In 2022, Gu et al. [14] presented a study on 341 PCI patients with initially normal renal function. They identified preoperative CysC levels >1.03 mg/L as related to an increased risk of CIN, with an impressive difference in preoperative CysC between CI-AKI and non-CI-AKI groups. In contrast, SCr presented no such distinction, indicating the promise of CysC in detecting renal damage before SCr rises. In 2024, Mahmood et al. [23] demonstrated the excellent diagnostic and predictive ability of CysC and CCL14 in 88 patients who were undergoing PCI, with area under the curve (AUC) >0.99 by high sensitivity and specificity using pre-procedure (cut-off 15 ng/mL) and 48-h post-procedure (cut-off 17 ng/mL) values. Similarly, Luo et al. [19] found that 24-hour CysC and NGAL post-PCI had slightly higher diagnostic sensitivity (AUC = 0.88) than SCr (AUC = 0.856) in 300 patients. However, sample size limitations and cut-off values were reported. In 2020, Budano et al. [22] assessed 713 CAG participants and considered that a single baseline CysC measurement was not only a stronger predictor (AUC = 0.82) of CI-AKI compared to SCr or glomerular filtration rate (GFR) from SCr but also long-term adverse outcomes at 10 years, suggesting a 1.4 mg/L cut-off value that efficiently excluded CI-AKI and pointed towards greater cardiovascular risk. Pilčević et al. [18] compared CysC and SCr in 45 patients with chronic kidney disease (CKD) after CAG. They reported that CysC identified CI-AKI significantly more frequently (42.22% vs. 8.89%) at 24 hours, reflecting CysC’s higher sensitivity and proposing a 10% increase in CysC as a reliable early diagnostic marker. However, there is disagreement because another study by Abood et al. [21] with 41 patients reported divergent results, showing SCr concentrations significantly increased at 24 hours following contrast in the CIN group but not in the level of CysC. So they concluded that SCr was the better early biomarker in their sample. In summary, all studies except one demonstrated that measuring the CysC level (pre- or post-procedure) was better than SCr for the early identification of CI-AKI. However, the mean cut-off value of the CysC for early detection of CI-AKI was variable in studies.

4. Discussion
4.1 Overview of CysC

CysC is a protein with a low molecular weight of 122 amino acids and a molecular weight of 13 kDa, garnering increasing attention. It is classified as a cysteine proteinase inhibitor of the type 2 family [25]. Cystine proteases irreversibly break down peptide bonds within amino acid sequences, significantly impacting apoptosis, lipid metabolism, immunological responses, cell control, and cell proliferation and adhesion [9].

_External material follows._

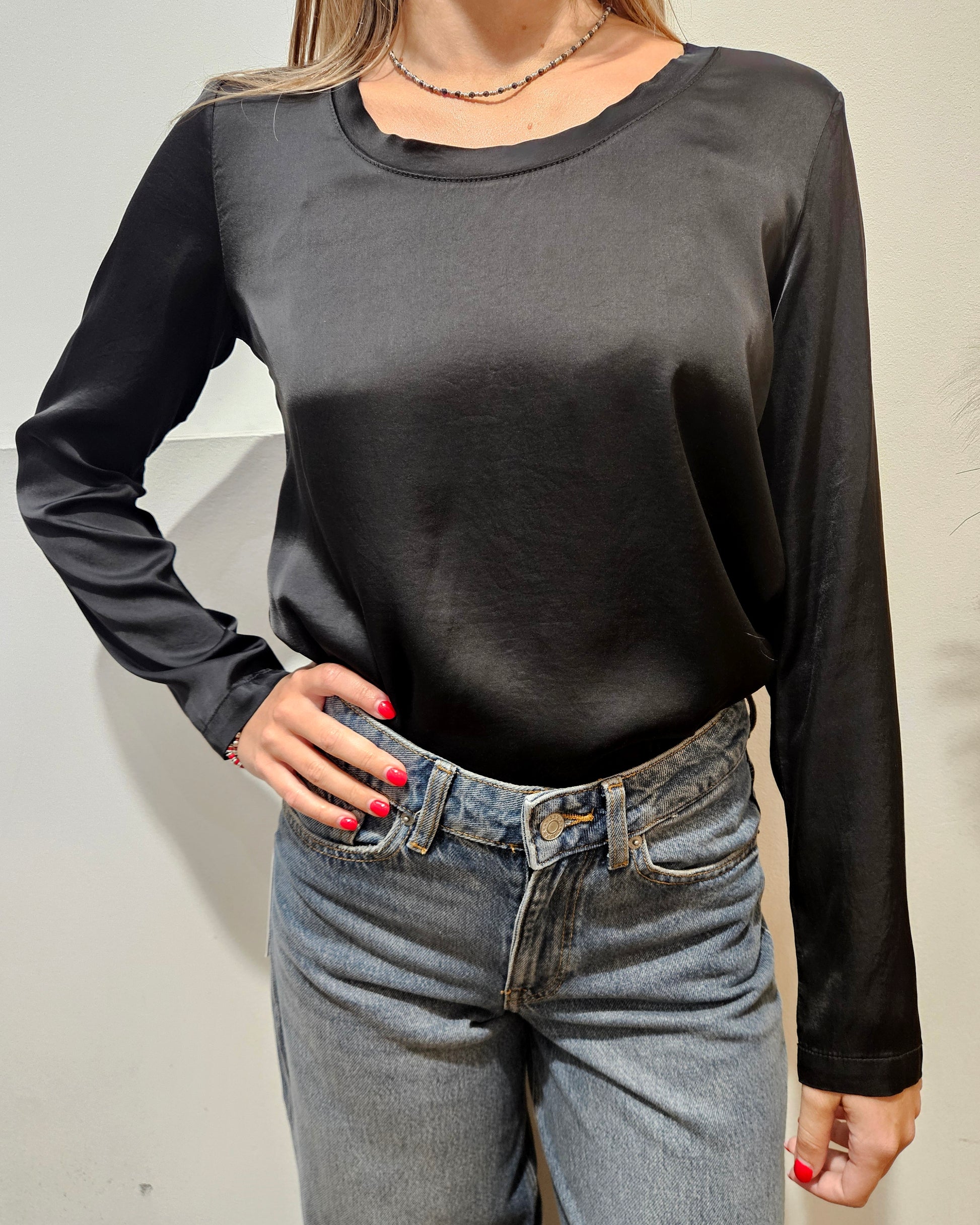 Blusa nera a maniche lunghe Have One in viscosa nella tonalità nero con scollo madonna.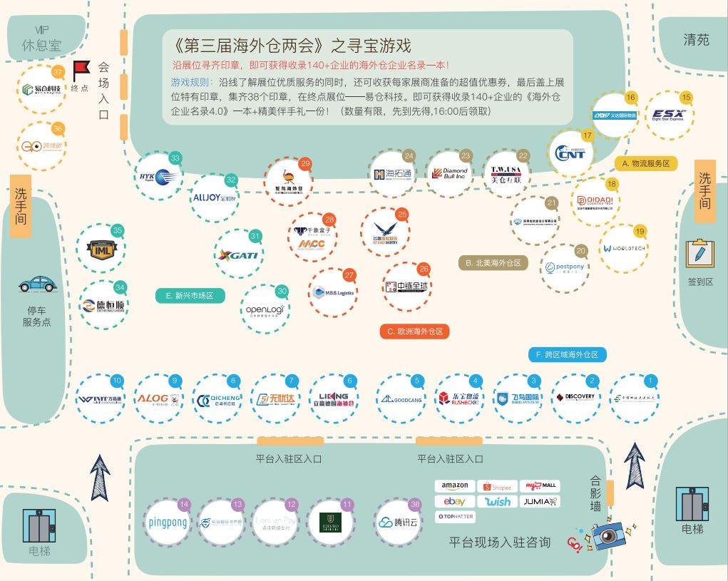 敲重点:这次的展位分区,分为欧洲仓区、北美仓区、新兴市场仓区、跨区域仓区、物流服务区,区区分明,非常方便参会小伙伴们定位自己的需求位置,少走弯路,多拿优惠!我掐指一算,一共有30多家展位呢~

The majority of cysteine proteinase inhibitors belong to the superfamily of cystatins. They are widely dispersed throughout animals and allow control over the degradation of extracellular and intracellular proteins. They are, therefore, essential for maintaining the proper ratio of free cysteine proteinases to their inhibitory complexes. Its quantities have been connected to several other illnesses because it enables them to regulate against detrimental cysteine proteinase activities. All nucleated cells synthesize CysC, encoded by the housekeeping C3T3 gene, at a comparatively steady pace. It is widely dispersed and present in most bodily fluids, including plasma [26, 27].

Due to its unique physical and molecular characteristics, CysC is being considered as a potential kidney function indicator. One of its key features is its constant production rate, which remains unaffected by muscle mass. This, along with its reabsorption and catabolization by proximal renal tubular cells, and its relatively free filtration by glomeruli, makes it a promising candidate for kidney function assessment [28].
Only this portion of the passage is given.